Die Krankenkassen kaufen die medizinischen Leistungen dann ein. Das Gesundheitssystem wird zu 82 Prozent mit öffentlichen Geldern finanziert. Die privaten Gesundheitsausgaben liegen bei etwa 18 Prozent für Kostenbeteiligungen bei bestimmten Medikamenten. Doch die Ärzteschaft in Tschechien gilt als stark überaltert. Da auch die tschechische Bevölkerung immer älter wird, ist der Behandlungsbedarf in der Bevölkerung stärker als die Zahl der Medizinerinnen und Mediziner gewachsen. Der demographische Wandel ist auch eine große Herausforderung für das Gesundheitssystem in Tschechien.

Digitalisierung des Gesundheitswesens

Die tschechische Regierung treibt das Thema „Digital Health“ voran. Das umfasst die digitale medizinische Versorgung, Pflege und Diagnostik, aber auch Online-Arztsprechstunden. Seit der Coronapandemie wurde die telemedizinische Betreuung in Tschechien kräftig ausgebaut. Digitale Rezepte gibt es in Tschechien bereits seit 2018. Man erhält eine SMS, die man dem Apotheker zeigen kann und dann bekommt man das Medikament. Auch Krankschreibungen erfolgen seit Anfang 2020 digital. Man kann sie digital beim Arbeitgeber einreichen. GTAI-Korrespondent Gerit Schulze: „In Tschechien gibt es nicht so große Vorbehalte beim Thema Datenschutz wie in Deutschland. Deshalb ist hier die digitale Patientenakte bereits Standard. Sie fördert den Informationsaustausch zwischen Ärzten, Apotheken und Patienten.“

Deutsche Medizintechnik-Investoren in Tschechien

Zahlreiche deutsche Medizintechnik-Unternehmen haben eigene Werke in Tschechien gebaut und dort Arbeitsplätze geschaffen. Gerresheimer produziert in seinem Werk im westböhmischen Horsovsky Tyn eine große Bandbreite an Drug Delivery-Systemen sowie Diagnostik- und Medizinprodukten. Das reicht von Inhalatoren, Insulinpens und Drogenschnelltests bis hin zu Testkartuschen.
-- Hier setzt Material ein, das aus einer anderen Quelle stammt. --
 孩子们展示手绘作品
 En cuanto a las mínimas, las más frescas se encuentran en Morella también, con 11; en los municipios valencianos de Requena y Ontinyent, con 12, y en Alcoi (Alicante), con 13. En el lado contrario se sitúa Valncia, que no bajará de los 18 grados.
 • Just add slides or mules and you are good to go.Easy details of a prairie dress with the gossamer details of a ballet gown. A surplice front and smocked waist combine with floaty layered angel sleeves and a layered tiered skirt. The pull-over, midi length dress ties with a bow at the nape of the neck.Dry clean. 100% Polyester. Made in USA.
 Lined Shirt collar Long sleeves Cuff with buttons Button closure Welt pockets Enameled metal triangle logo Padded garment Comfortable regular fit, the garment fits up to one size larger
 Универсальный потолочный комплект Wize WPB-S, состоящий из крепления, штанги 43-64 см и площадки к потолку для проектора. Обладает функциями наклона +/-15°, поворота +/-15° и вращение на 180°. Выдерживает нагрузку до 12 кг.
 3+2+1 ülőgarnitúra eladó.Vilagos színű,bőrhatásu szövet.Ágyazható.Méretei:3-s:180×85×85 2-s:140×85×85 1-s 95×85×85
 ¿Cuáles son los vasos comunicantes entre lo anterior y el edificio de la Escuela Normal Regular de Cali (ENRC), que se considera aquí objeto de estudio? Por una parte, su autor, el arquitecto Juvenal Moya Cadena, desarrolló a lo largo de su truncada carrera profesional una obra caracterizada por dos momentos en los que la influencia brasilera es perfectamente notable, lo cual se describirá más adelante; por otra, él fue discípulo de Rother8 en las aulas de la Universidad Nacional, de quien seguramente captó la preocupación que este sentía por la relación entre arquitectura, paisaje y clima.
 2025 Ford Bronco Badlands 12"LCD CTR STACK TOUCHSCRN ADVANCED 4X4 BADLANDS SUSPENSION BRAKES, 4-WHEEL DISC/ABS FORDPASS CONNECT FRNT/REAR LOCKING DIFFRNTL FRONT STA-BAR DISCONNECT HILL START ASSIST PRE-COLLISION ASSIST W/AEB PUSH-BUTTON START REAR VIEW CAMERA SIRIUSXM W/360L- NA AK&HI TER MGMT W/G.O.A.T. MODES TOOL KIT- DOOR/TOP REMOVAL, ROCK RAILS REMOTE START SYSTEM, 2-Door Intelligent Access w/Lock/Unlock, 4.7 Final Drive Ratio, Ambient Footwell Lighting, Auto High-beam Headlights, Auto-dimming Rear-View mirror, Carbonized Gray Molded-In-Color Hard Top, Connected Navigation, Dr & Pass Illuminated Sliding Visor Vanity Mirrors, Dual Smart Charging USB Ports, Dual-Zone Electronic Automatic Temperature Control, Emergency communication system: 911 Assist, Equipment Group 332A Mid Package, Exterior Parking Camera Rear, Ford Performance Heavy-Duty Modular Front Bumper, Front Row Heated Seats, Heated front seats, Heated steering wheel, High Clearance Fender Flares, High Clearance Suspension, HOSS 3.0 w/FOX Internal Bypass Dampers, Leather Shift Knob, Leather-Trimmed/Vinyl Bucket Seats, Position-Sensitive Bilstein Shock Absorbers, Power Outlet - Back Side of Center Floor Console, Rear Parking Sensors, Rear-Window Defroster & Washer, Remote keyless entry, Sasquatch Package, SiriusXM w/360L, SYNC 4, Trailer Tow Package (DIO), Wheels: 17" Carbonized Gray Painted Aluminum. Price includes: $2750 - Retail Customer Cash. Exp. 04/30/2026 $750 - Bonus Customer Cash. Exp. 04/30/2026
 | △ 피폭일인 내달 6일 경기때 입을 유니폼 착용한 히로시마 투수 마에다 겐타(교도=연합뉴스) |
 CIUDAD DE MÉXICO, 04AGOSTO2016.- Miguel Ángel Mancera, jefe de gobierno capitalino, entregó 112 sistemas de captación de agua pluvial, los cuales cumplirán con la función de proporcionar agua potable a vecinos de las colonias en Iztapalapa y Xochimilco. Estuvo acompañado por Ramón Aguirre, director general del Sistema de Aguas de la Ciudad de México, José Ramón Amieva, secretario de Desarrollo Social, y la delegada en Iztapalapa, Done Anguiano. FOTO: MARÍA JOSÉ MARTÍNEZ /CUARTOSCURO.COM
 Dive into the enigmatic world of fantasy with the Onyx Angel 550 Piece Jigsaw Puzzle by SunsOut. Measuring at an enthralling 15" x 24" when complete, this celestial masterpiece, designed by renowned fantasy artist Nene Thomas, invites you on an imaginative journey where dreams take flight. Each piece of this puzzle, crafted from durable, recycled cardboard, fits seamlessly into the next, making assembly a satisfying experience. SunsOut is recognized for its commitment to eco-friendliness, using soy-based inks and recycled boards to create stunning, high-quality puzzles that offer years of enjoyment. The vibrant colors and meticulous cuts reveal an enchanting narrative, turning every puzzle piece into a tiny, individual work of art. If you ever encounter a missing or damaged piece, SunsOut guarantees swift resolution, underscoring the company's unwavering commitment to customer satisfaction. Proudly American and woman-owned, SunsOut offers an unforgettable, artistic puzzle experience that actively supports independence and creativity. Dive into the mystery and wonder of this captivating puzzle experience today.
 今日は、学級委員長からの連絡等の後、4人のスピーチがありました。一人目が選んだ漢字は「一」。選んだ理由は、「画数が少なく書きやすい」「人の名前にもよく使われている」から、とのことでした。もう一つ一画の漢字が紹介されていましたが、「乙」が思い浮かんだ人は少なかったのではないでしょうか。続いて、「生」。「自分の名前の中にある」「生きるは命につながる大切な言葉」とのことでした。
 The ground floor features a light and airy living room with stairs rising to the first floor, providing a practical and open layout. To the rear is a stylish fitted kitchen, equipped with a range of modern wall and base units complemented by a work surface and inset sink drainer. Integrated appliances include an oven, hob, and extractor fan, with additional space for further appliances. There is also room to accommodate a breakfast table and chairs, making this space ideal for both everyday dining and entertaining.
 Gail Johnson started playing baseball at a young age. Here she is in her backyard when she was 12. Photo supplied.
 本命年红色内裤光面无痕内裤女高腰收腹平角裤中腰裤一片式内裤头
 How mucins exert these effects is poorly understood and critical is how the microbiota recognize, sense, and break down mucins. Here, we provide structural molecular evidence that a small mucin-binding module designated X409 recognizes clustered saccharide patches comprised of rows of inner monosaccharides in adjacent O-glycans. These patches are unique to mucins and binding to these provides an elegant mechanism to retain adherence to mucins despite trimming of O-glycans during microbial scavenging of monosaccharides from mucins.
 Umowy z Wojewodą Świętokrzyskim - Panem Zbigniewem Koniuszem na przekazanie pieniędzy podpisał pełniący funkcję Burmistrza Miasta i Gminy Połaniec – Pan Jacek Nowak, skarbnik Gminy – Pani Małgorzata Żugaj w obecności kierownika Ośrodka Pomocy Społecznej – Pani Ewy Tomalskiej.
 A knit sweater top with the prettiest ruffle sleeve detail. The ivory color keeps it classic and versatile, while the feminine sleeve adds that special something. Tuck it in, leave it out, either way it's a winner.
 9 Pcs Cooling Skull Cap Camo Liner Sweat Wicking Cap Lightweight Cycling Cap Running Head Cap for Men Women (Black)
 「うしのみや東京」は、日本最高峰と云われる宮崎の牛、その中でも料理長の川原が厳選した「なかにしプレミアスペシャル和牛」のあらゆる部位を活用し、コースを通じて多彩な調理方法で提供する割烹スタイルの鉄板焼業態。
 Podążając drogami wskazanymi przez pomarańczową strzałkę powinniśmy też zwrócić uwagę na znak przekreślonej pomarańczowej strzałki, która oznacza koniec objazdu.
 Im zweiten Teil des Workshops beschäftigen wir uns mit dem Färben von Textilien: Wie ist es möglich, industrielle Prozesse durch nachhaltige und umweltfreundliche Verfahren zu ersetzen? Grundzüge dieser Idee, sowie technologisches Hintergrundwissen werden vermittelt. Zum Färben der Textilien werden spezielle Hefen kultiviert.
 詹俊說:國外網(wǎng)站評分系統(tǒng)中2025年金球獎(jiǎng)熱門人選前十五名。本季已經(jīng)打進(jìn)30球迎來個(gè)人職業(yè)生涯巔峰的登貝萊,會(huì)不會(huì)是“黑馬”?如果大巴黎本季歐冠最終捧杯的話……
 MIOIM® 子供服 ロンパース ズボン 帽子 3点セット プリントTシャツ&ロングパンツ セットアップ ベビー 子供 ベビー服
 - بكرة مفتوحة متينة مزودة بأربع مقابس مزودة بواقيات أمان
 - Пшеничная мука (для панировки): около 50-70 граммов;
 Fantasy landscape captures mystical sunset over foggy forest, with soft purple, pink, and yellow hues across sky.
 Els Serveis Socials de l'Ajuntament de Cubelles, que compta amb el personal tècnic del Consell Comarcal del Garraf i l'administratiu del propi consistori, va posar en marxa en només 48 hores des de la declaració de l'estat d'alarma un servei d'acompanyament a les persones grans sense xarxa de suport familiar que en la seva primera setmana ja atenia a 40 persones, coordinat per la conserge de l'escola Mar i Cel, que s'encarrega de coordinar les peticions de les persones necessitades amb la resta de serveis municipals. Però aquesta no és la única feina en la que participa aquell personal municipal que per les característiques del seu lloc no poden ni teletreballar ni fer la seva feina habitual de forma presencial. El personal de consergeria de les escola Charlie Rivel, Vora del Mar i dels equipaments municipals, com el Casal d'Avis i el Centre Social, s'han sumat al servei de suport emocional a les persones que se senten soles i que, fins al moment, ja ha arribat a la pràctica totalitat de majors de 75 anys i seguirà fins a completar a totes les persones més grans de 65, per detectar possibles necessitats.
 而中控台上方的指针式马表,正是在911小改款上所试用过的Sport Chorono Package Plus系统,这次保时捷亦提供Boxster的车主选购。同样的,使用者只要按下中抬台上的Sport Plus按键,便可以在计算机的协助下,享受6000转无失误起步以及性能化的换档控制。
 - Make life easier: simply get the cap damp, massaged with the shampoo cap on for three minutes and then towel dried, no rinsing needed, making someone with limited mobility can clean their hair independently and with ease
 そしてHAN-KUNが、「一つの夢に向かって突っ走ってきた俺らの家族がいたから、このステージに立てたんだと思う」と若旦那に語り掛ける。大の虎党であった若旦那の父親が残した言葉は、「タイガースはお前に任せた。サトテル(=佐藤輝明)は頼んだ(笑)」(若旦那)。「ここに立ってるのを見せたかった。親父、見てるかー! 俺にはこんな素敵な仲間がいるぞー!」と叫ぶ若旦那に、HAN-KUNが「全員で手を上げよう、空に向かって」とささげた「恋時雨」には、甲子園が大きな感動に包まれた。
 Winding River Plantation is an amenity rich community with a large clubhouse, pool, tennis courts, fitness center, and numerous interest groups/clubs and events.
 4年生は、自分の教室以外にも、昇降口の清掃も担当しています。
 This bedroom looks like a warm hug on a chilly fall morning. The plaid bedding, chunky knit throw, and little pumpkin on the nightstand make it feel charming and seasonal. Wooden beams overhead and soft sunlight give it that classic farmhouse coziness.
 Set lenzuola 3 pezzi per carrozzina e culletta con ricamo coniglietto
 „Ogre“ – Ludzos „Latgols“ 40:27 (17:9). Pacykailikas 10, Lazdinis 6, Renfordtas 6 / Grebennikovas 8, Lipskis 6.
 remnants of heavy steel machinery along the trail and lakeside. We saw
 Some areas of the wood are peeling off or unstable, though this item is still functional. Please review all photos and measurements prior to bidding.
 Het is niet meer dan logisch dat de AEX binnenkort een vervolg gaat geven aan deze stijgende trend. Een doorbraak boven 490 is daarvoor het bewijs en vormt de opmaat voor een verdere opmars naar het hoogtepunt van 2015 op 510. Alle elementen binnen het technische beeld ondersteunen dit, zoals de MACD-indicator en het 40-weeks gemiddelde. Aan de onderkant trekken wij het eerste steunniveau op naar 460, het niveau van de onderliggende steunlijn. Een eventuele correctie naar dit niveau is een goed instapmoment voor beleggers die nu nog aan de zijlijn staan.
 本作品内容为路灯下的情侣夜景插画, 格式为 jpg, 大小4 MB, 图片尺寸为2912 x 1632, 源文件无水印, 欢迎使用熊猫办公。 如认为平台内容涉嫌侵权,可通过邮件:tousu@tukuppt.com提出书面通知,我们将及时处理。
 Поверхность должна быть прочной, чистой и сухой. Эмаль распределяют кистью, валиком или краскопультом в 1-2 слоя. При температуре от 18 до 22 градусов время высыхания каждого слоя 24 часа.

Der Düsseldorfer Spezialanbieter Mölnlycke produziert in Havířov bei Ostrava Materialien zur Wundversorgung. Hartmann-Rico, eine Tochtergesellschaft der ältesten deutschen Verbandstofffabrik Hartmann, produziert in einem Werk in Veverská Bítýska bei Brünn Verbandsmaterial, Bandagen und Babywindeln. Schließlich betreibt auch Lohmann & Rauscher, ein Hersteller von Medizin- und Hygieneprodukten, in Slavkov bei Brünn ein Werk für OP-Sets.

Die deutsche Augenoptik-Branche setzt ebenfalls auf Tschechien als Produktionsstandort. Rodenstock produziert in Klatovy bei Pilsen Brillengläser und Fielmann stellt in diesem Jahr einen neuen Standort für eine große Brillenproduktion samt Logistikzentrum im nordböhmischen Chomutov fertig. 

Investitionsprogramme dank EU-Strukturfonds

Zur Modernisierung und Erneuerung der Gesundheitseinrichtungen stehen bis 2027 EU-Fördermittel in Höhe von 2 Milliarden Euro zur Verfügung. Die hervorragende Qualität deutscher Medizintechnik gilt noch immer als wichtiges Verkaufsargument. Die Nähe zu Deutschland und die engen wirtschaftlichen und kulturellen Beziehungen zwischen den beiden Ländern schaffen die notwendigen positiven Rahmenbedingungen.